Pielgrzymka papieża Benedykta XVI do Hiszpanii. 6 - 7 XI 2010, Santiago de Compostela i Barcelona











Pielgrzymka papieża Benedykta XVI do Hiszpanii. 6 - 7 XI 2010, Santiago de Compostela i Barcelona.
Relacje i przygotowania okiem polskiego "caminowicza".

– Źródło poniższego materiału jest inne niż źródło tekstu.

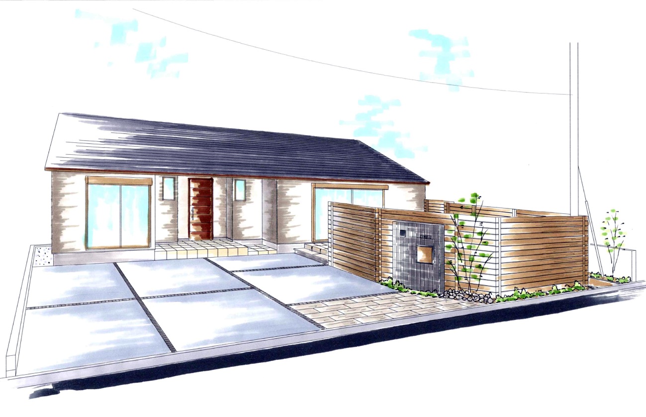 タイルテラスの面積はわずかに小さくなりますが、プライベート空間エリアを斜めにカットすることで門柱と来訪者をおもてなしするスペースが出来上がりました。
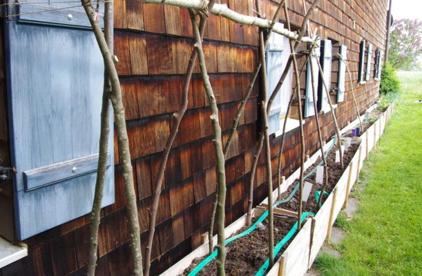 Die Beete bzw. Tröge sind schon vorbereitet und warm. Für die Stangenbohnen sind windsichere Rankhilfen aufgestellt, für die Buschbohnen folgen Zweige nach dem Aufgehen.

czwartek, 18 listopada 2010

Kard. Sistach: Wizyta papieża ożywia samoocenę Katalonii

Kardynał Barcelony Lluís Martínez Sistach przyznaje, że papieskie uroczystości w bazylice Sagrada Familia (Świętej Rodziny) pokazały światu Katalonię jako mocną i zręczną pod względem tak artystycznym jak i organizacyjnym i przyczyniły się do jeszcze większego rozsławienia świątyni zaprojektowanej przez Gaudiego. Mówi o tym w rozmowie z Marią-Paz Lopez, która opublikowana została w dzienniku Lavanguardia.

Co pozostanie z wizyty?
My Katalończycy nie jesteśmy ludźmi, którzy szczególnie ukazują uczucia, ale przyjęcie Ojca Świętego  było bardzo ciepłe i piękne. Była to historyczna wizyta dla miasta i diecezji. Kiedy podróżuję za granicę nie jestem pytany o katedrę, która wywodzi się z cudownego gotyku, ale o Sagrada Familia. To ikona naszego miasta. Papieża do katedry nie zaprosił polityk, tak więc jego wizyta miała wymiar pasterski. Związany z Kościołem cel pielgrzymki – poświęcenie Sagrada Familia został uzupełniony przez odwiedziny Nen Déu i rodzin z niepełnosprawnymi dziećmi. Wszyscy byli bardzo rozemocjonowani i szczęśliwi gdyż mogli zobaczyć jak papież obejmuje ich dzieci. Ostatni papieże charakteryzowali się obroną godności ludzkiej, co w dziele Nen Déu nabiera nowego wymiaru.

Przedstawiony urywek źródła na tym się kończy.